Reactive hypoglycemia: what is it and how does it affect our mood?

Reactive hypoglycemia shows how biological processes related to nutrition can affect our mood and predispose us to behave in one way or another.

In this article we will see what reactive hypoglycemia is and its impact on our emotions and psychological processes in general.

    What is reactive hypoglycemia?

    Reactive hypoglycemia, or postprandial hypoglycemia, is a condition that results in low blood sugar right after a meal, which causes a number of unpleasant physical and psychological symptoms for the sufferer.

    This disorder usually occurs within 3 to 4 hours after a certain meal. what a difference with classic hypoglycaemia, which occurs when the person is fasting.

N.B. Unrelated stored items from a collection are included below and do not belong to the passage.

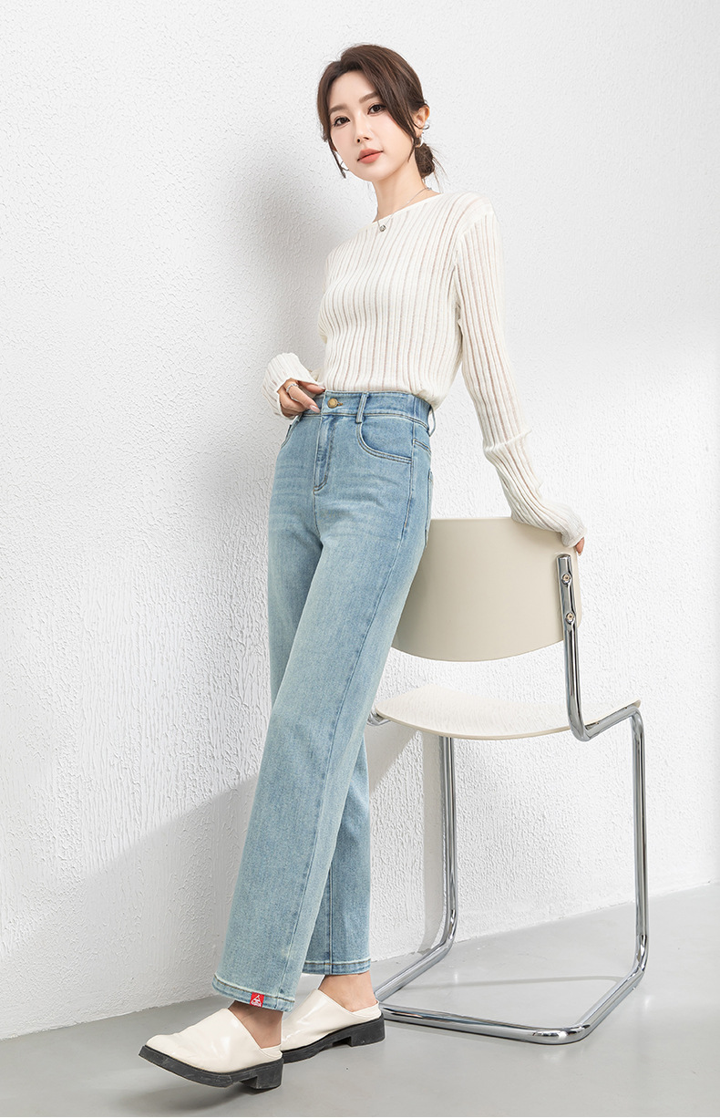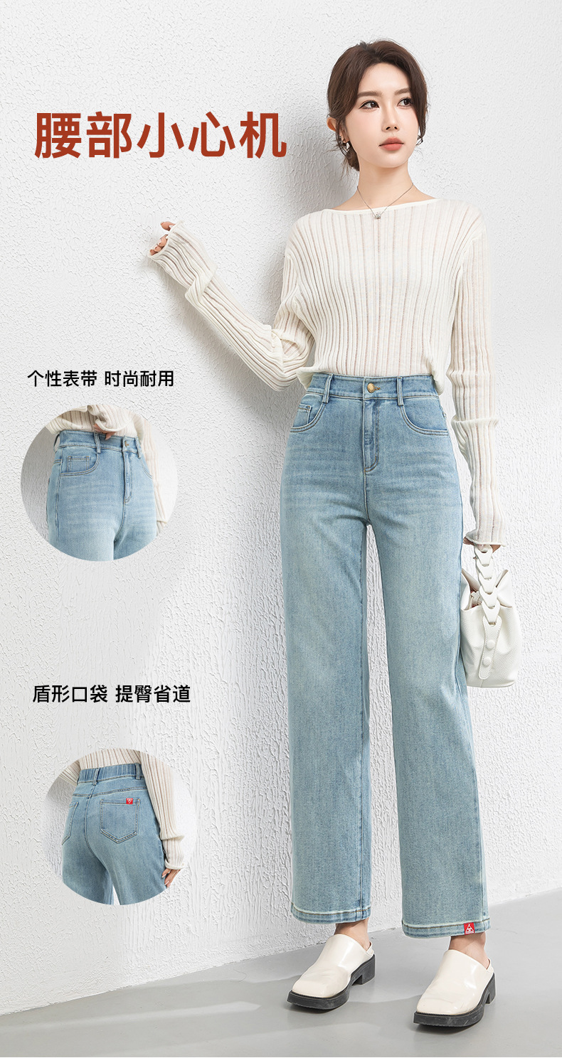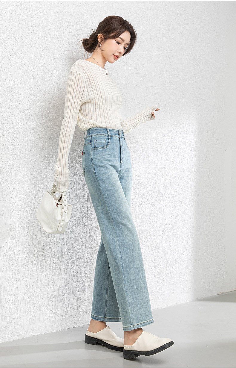 2026년 봄 다용도 데님 9부 스트레이트 팬츠 한국 스타일 하이웨이스트 슬림핏 와이드 팬츠 여성용 20105스토어 가기
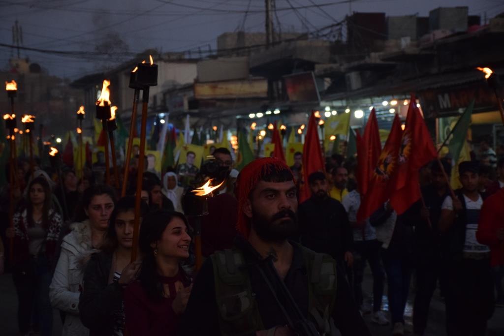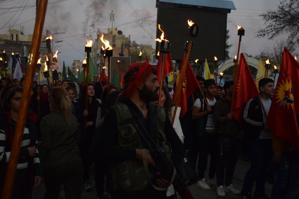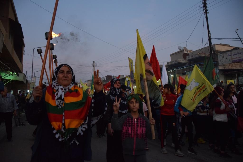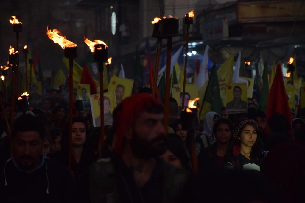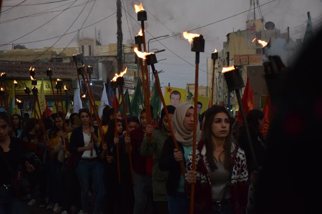 QAMIŞLO – Tevgera Ciwanên Şoreşger a Sûriyê û Yekîtiya Jinên Ciwan li bajarê Qamiloyê li dijî êrişên artêşa Tirk a dagirker û çeteyên wê meşeke bi meşaleyan lidar xistin. Bi sedan ciwan tevlî meşê bûn û ‘Berxwedana Cenga Rojava’ silav kirin.
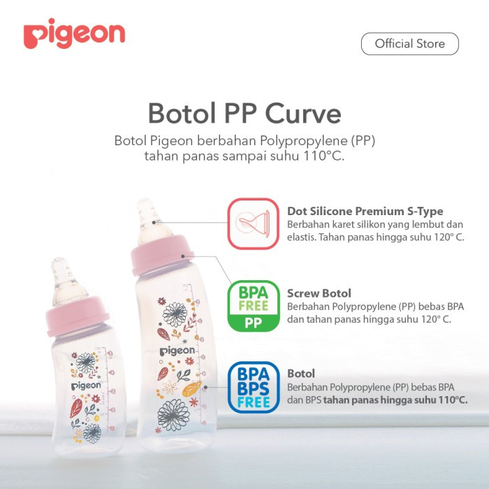 karakter bunga warna pink yang terbuat dari Tinta Food Contact Grade sehingga sesuai digunakan untuk wadah pangan untuk bayi. Botol PP Curve ukuran 250ml dilengkapi dengan dot Peristaltic Slim Neck ukuran M untuk bayi baru lahir (+4 bulan) dan dilengkapi dgn buku instruksi yang dikemas dalam Individual Box berbahan Carton Ivory.

    The direct cause of reactive hypoglycemia is not entirely clear, although it may be related to one of the following, depending on the person: the type of food eaten, variations in the movement of food in the digestive tract. Typically, this results in a temporary lack of energy resources that the body can rely on to give cells what they need to function at full capacity.

    Other causes that can be found to explain reactive hypoglycemia are alcohol consumption, certain surgical procedures such as gastric bypass or ulcer surgery, inherited metabolic disorders or certain tumors.

      How does reactive hypoglycemia affect mood?

      As noted, reactive hypoglycemia is associated with a number of symptoms, including: weakness, hunger, pale skin, tremors, anemia, dizziness, sweating and malaise.

      In addition to this, some of the psychological symptoms that can appear in people with this type of disorder are anxiety, extreme fatigue, insomnia, disorientation and, in the most extreme cases, psychosis.

      Although symptoms vary from person to person, what is common to all people with reactive hypoglycemia is physical and emotional fatigue. The tendency to suffer from this situation on a regular basis can significantly affect your ability to adapt to the demands of daily life, resulting in a lack of motivation and a tendency to procrastinate, or even a greater propensity to suffer from stress and anxiety. the situation overwhelms us, we have too many “fronts” to deal with and we don’t have enough energy to accomplish these tasks or responsibilities.

      Therefore, it’s easy for a self-fulfilling prophecy to happen: the person feels that he will not be able to convince himself to do what he has to do and, faced with this discomfort, he tries to stop thinking about these pending tasks, thus falling into procrastination.

        What can be done for reactive hypoglycemia?

        Treatment for reactive hypoglycemia involves an initial medical evaluation to determine if the symptoms the person is experiencing are actually caused by hypoglycemia.

        If so, the next step is to confirm that the symptoms go away as soon as the person returns to normal blood sugar levels, and if more severe symptoms occur, further medical tests may be done.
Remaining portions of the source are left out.